May we be inflicted with horrible punishment if there’s any truth, says Harsimrat about brother Majithia’s drug charges
GS Paul
Amritsar, January 26
Akali Member of Parliament Harsimrat Kaur Badal came out in support of her brother Bikram Singh Majithia on Wednesday as she claimed that he was being implicated “without a shred of evidence”.
Badal, who was in Amritsar for the day, paid a visit to the Golden Temple. She said her family sought the strictest punishment for anyone connected with drug smuggling cases in the state.
“ Today, I prayed at Sachkhand Sri Harmandar Sahib that if my brother Bikram (Majithia) has indulged in trading or spreading even a pinch of drugs in any manner, Guru Sahib may inflict the most horrible punishment on each and every member of our family.

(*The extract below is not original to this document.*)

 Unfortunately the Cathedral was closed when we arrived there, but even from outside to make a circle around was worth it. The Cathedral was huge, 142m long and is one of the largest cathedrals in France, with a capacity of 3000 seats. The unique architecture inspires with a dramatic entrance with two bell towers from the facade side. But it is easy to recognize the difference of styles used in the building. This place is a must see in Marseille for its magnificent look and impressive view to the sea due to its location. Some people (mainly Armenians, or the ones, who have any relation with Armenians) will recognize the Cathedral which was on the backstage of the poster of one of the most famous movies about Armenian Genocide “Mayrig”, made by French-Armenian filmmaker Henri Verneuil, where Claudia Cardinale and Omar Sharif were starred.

Conversely, those who resort to brazen lies over the drug issue as well as on the issue of sacrilege of Shri Guru Granth Sahib may also be made to face the fate that any ‘Guru ghar da dokhi’ (offender against Guru’s holy abode) deserves,” she said.

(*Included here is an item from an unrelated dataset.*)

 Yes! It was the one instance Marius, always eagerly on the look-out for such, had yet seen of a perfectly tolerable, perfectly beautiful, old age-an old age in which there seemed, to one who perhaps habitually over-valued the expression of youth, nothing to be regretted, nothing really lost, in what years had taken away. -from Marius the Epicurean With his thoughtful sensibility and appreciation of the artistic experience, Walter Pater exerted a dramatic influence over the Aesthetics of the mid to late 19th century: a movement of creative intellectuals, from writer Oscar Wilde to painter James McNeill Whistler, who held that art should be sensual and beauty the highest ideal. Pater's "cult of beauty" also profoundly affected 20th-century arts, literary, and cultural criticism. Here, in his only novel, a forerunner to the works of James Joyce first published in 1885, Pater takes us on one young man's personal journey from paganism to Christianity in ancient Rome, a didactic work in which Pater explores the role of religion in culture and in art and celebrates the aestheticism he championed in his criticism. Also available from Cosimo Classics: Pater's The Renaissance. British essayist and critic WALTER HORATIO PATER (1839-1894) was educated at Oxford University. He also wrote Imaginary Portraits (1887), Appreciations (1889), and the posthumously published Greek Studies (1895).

She also accused rivals Congress and the Aam Aadmi Party of engaging in the “worst and the filthiestlies of the lowest kind on both the sacrilege and the drug issues, just for political gains”.
“In these last seven years, they played sinful politics over the most sensitive and profoundly painful issue of sacrilege and accused us without any evidence,” she said. “But I have full faith in the divine justice of Guru Sahib (Almighty). I am sure that truth will come out and those really guilty of these sins and crimes as well as those who allowed these culprits to escape just to promote their conspiratorial narrative against SAD will face punishment one day”.
Her remarks come on a day when Majithia, who faces drug charges and who recently got a temporary respite from arrest from the Punjab and Haryana high court, was announced to be SAD’s candidate from Amritsar East against Punjab Congress chief Navjot Singh Sidhu.
The Punjab and Haryana High Court recently agreed to extend Majithia’s protection against arrest for three days, although making it clear that the respite was only temporary to enable him to appeal its rejection of his anticipatory bail application in the Supreme Court.